Meta Paths and Meta Structures: Computing Relevance in Large Heterogeneous Information Networks
A heterogeneous information network (HIN) is a graph model in which objects and edges are annotated with types. Large and complex databases, such as YAGO and DBLP, can be modeled as HINs. A fundamental problem in HINs is the computation of closeness, or relevance, between two HIN objects. Relevance measures can be used in various applications, including information retrieval, entity resolution, and product recommendation. We study the problem of discovering meta paths, a recently proposed concept used for relevance computation in HINs. A meta path is essentially a sequence of node classes and edge types between two nodes in a HIN. Current methods assume that meta paths are found by domain experts. However, in a large and complex HIN, retrieving meta paths manually can be tedious and difficult. We examine how to find meta paths automatically. Specifically, users are asked to provide example pairs of nodes that exhibit high proximity. We then investigate how to generate meta paths that can best explain the relationship between these node pairs. Since this problem is computationally intractable, we propose a greedy algorithm to select the most relevant meta paths. We also present a data structure to enable efficient execution of this algorithm. We incorporate hierarchical relationships among node classes in our solutions. Extensive experiments on YAGO and DBLP show that our approach captures important meta paths in an efficient and scalable manner.
We further generalize the notion of meta path to ``meta structure’’, which is a directed acyclic graph of object types with edge types connecting in between. The meta structure, which is more expressive than the meta path, can describe complex relationship between two HIN objects (e.g., two papers in DBLP share the same authors and topics). We develop three relevance measures based on meta structure. Due to the computational complexity of these measures, we design an algorithm with data structures proposed to support their evaluation. Our extensive experiments show that meta structure relevance is more effective than meta paths.
Prof. Reynold C.K. CHENG
Date & Time
29 Jul 2016 (Friday) 15:00 - 16:00
E11-4045 (University of Macau)
Department of Computer and Information Science
Dr. Reynold Cheng is an Associate Professor of the Department of Computer Science in the University of Hong Kong. He was an Assistant Professor in HKU in 2008-11. He received his BEng ( Computer Engineering ) in 1998, and MPhil ( Computer Science and Information Systems ) in 2000, from the Department of Computer Science in the University of Hong Kong. He then obtained his MSc and PhD from Department of Computer Science of Purdue University in 2003 and 2005 respectively. Dr. Cheng was an Assistant Professor in the Department of Computing of the Hong Kong Polytechnic University during 2005-08. He was a visiting scientist in the Institute of Parallel and Distributed Systems in the University of Stuttgart during the summer of 2006.

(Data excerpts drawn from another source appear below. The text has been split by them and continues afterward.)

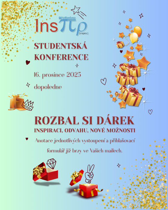 Pozvánka na studentskou konferenci INSPIRO, která se uskuteční v úterý 16. prosince od první do čtvrté vyučovací hodiny.
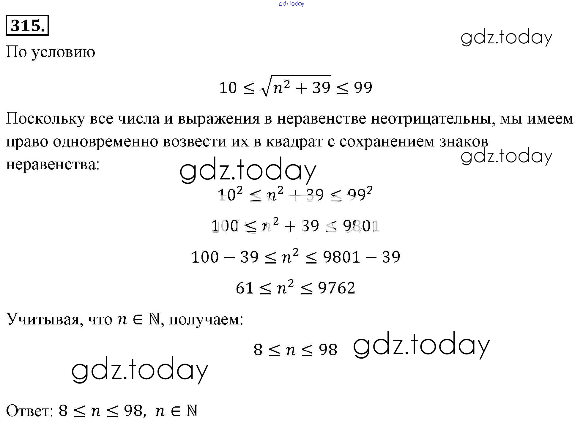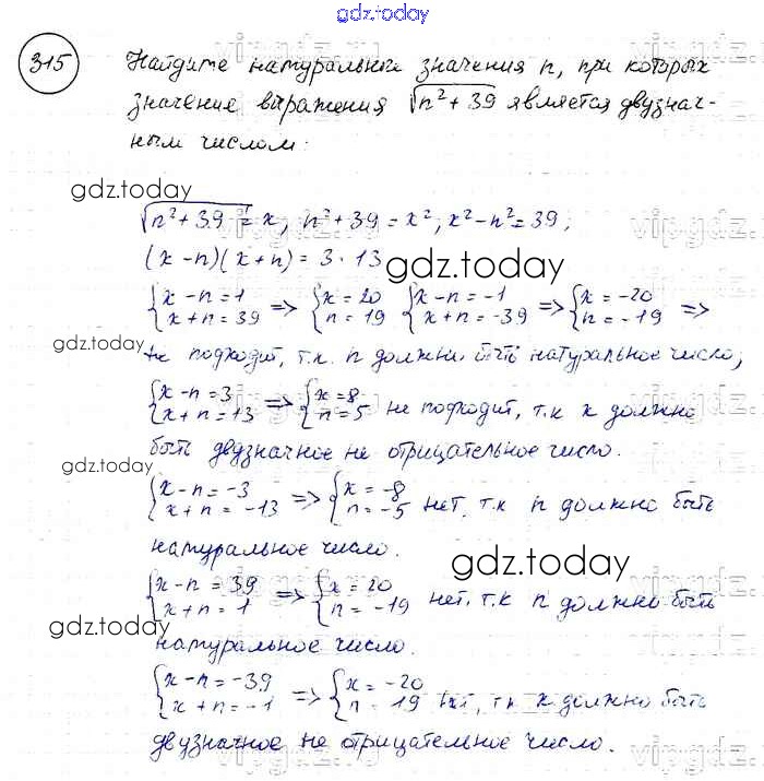 На страницах сайта gdz.today вы найдете учебный и вспомогательный материал, направленный на улучшения знаний школьной программы. ГДЗ - онлайн мир знаний Решение к упражнениям 315 Учебнику по Алгебре для 8 класса Макарычев, Миндюк Просвещение 2016
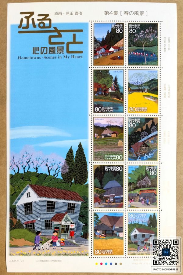 - [24060726] ふるさと切手【ふるさと心の風景・第4集】シート「春の風景:東京 宮城 広島 北海道 京都 静岡 佐賀 石川」80円×10 2009年
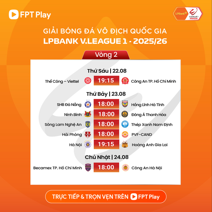 | 22/8 | FPT Play, HTV Thể thao | Thể Công Viettel vs CA TP.HCM |

Dr. Cheng was granted an Outstanding Young Researcher Award 2011-12 by HKU. He was the recipient of the 2010 Research Output Prize in the Department of Computer Science of HKU. He also received the U21 Fellowship in 2011. He received the Performance Reward in years 2006 and 2007 awarded by the Hong Kong Polytechnic University. He is the Chair of the Department Research Postgraduate Committee, and was the Vice Chairperson of the ACM ( Hong Kong Chapter ) in 2013. He is a member of the IEEE, the ACM, the Special Interest Group on Management of Data ( ACM SIGMOD ), and the UPE (Upsilon Pi Epsilon Honor Society). He is an editorial board member of TKDE, DAPD and IS, and was a guest editor for TKDE, DAPD, and Geoinformatica. He is an area chair of ICDE 2017, a senior PC member for DASFAA 2015, PC co-chair of APWeb 2015, area chair for CIKM 2014, area chair for Encyclopedia of Database Systems, program co-chair of SSTD 2013, and a workshop co-chair of ICDE 2014. He received an Outstanding Service Award in the CIKM 2009 conference. He has served as PC members and reviewer for top conferences (e.g., SIGMOD, VLDB, ICDE, EDBT, KDD, ICDM, and CIKM) and journals (e.g., TODS, TKDE, VLDBJ, IS, and TMC).